** Problem details **
Output all records exactly, with no images.

** Extracted data **
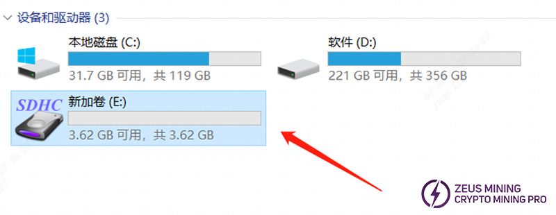 After the card reader is inserted into the computer's USB port, the computer will prompt for a new device and display the disk letter corresponding to this TF card.
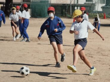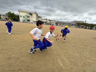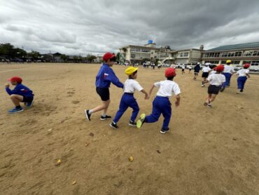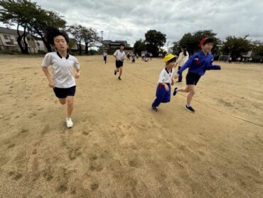 後ろから追いかけてくる児童や、前を逃げる児童。ナイスランです。
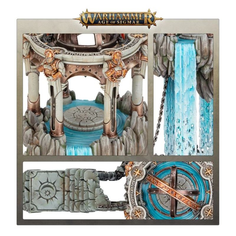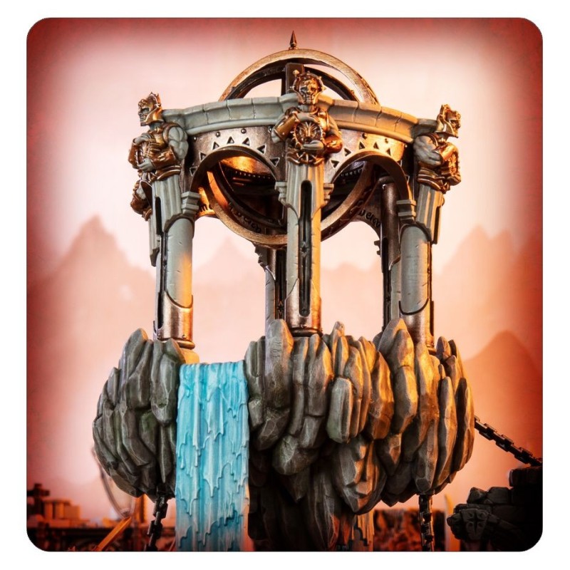 Description du produitLes Aqualithes Purificateurs sont des machines-temples magiques employées par les Croisades Éophores pour apporter de l'eau pure aux colonies nouvellement fondées. Conçus par les mages de la Collégiale, forgés par les ingénieurs Soudefer et bénis par des prêtres sigmarites, ces métalithes flottants absorbent la magie ambiante pour générer un torrent continu d'eau purifiée. On trouve des Aqualithes Purificateurs dans tous les Royaumes Mortels, dans les colonies grandissantes et dans des avant-postes abandonnés, enchaînés au sol et coiffés de statues sacrées.
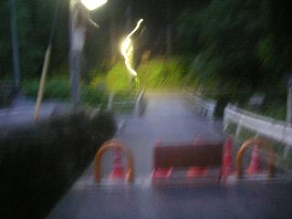 ふもとの林道入口に着いた時点で時刻はもう夜の7時20分。さすがにすっかり夜もふけてしまった頃合なのですが、もうあとは庭先ですし。
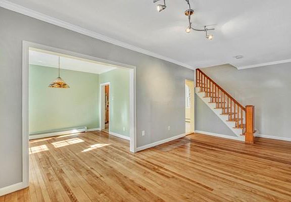 Back on market due to Buyer's finances. Charming home recently renovated on a quiet side street with minimal thru traffic. The farmers porch and deck invite you to enjoy the outside and the flexible floor plan allow for your individual requirements inside the home. Updated kitchen with stainless steel appliances has a breakfast bar plus space for table and chairs . There is also a separate dining room for those more formal occasions that opens to the sitting room. Large master bedroom on the ground floor has access to the deck. This room could be used as a family room. New half bath has pedestal sink and wainscoting. Second floor offers three bedrooms and an updated full bath. One bedroom has abundant additional fitted closets and is currently used as a large walk in closet. Hardwood through most of the home. Newer roof ,deck, porch, heating system and windows.Freshly painted throughout. Move in ready!
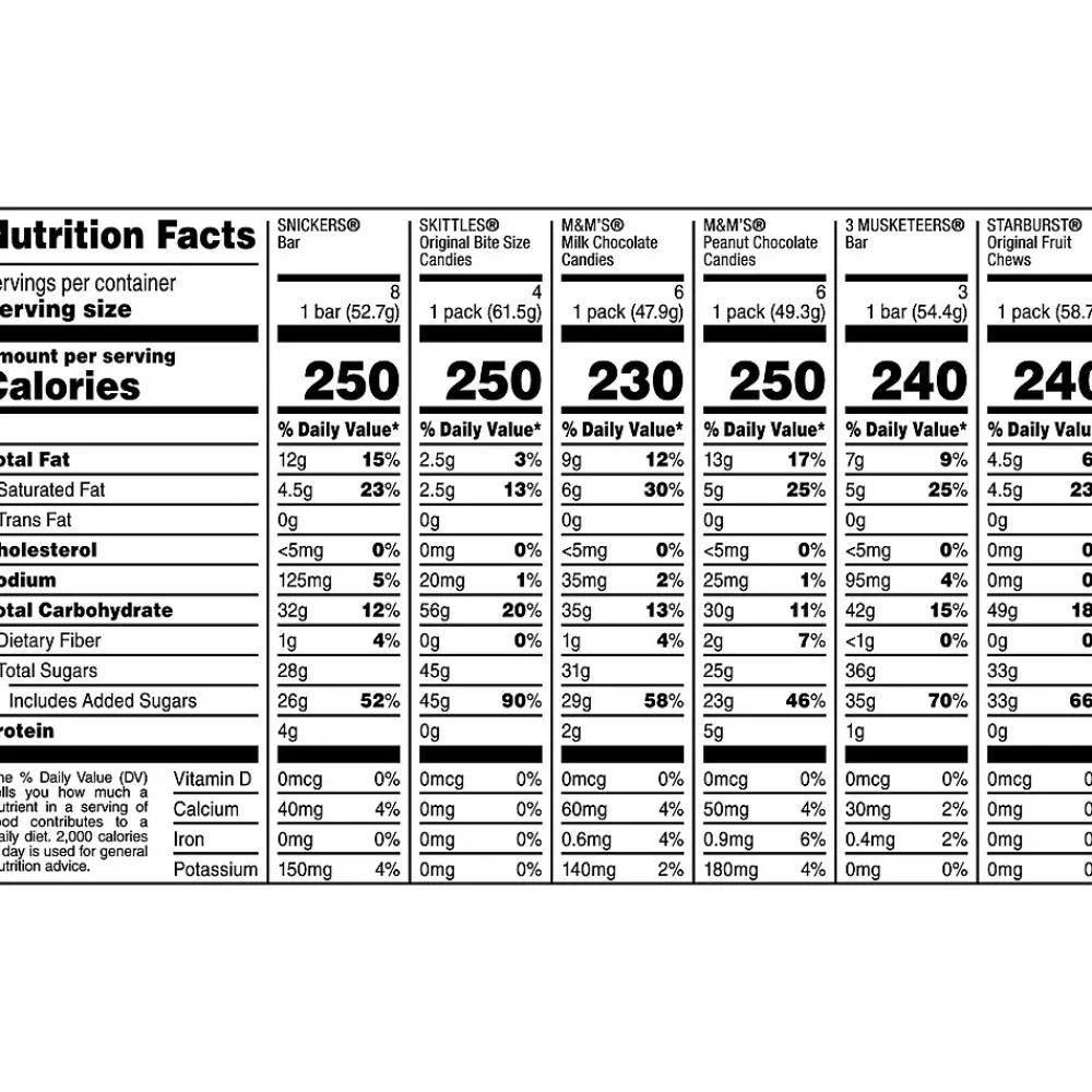| Type of Chocolate Actual manufacturer name for flavor | M&M’S, SNICKERS, TWIX & 3 MUSKETEERS |

** Reply to the task **
 After the card reader is inserted into the computer's USB port, the computer will prompt for a new device and display the disk letter corresponding to this TF card.
 後ろから追いかけてくる児童や、前を逃げる児童。ナイスランです。
 Description du produitLes Aqualithes Purificateurs sont des machines-temples magiques employées par les Croisades Éophores pour apporter de l'eau pure aux colonies nouvellement fondées. Conçus par les mages de la Collégiale, forgés par les ingénieurs Soudefer et bénis par des prêtres sigmarites, ces métalithes flottants absorbent la magie ambiante pour générer un torrent continu d'eau purifiée. On trouve des Aqualithes Purificateurs dans tous les Royaumes Mortels, dans les colonies grandissantes et dans des avant-postes abandonnés, enchaînés au sol et coiffés de statues sacrées.
 ふもとの林道入口に着いた時点で時刻はもう夜の7時20分。さすがにすっかり夜もふけてしまった頃合なのですが、もうあとは庭先ですし。
 Back on market due to Buyer's finances. Charming home recently renovated on a quiet side street with minimal thru traffic. The farmers porch and deck invite you to enjoy the outside and the flexible floor plan allow for your individual requirements inside the home. Updated kitchen with stainless steel appliances has a breakfast bar plus space for table and chairs . There is also a separate dining room for those more formal occasions that opens to the sitting room. Large master bedroom on the ground floor has access to the deck. This room could be used as a family room. New half bath has pedestal sink and wainscoting. Second floor offers three bedrooms and an updated full bath. One bedroom has abundant additional fitted closets and is currently used as a large walk in closet. Hardwood through most of the home. Newer roof ,deck, porch, heating system and windows.Freshly painted throughout. Move in ready!
| Type of Chocolate Actual manufacturer name for flavor | M&M’S, SNICKERS, TWIX & 3 MUSKETEERS |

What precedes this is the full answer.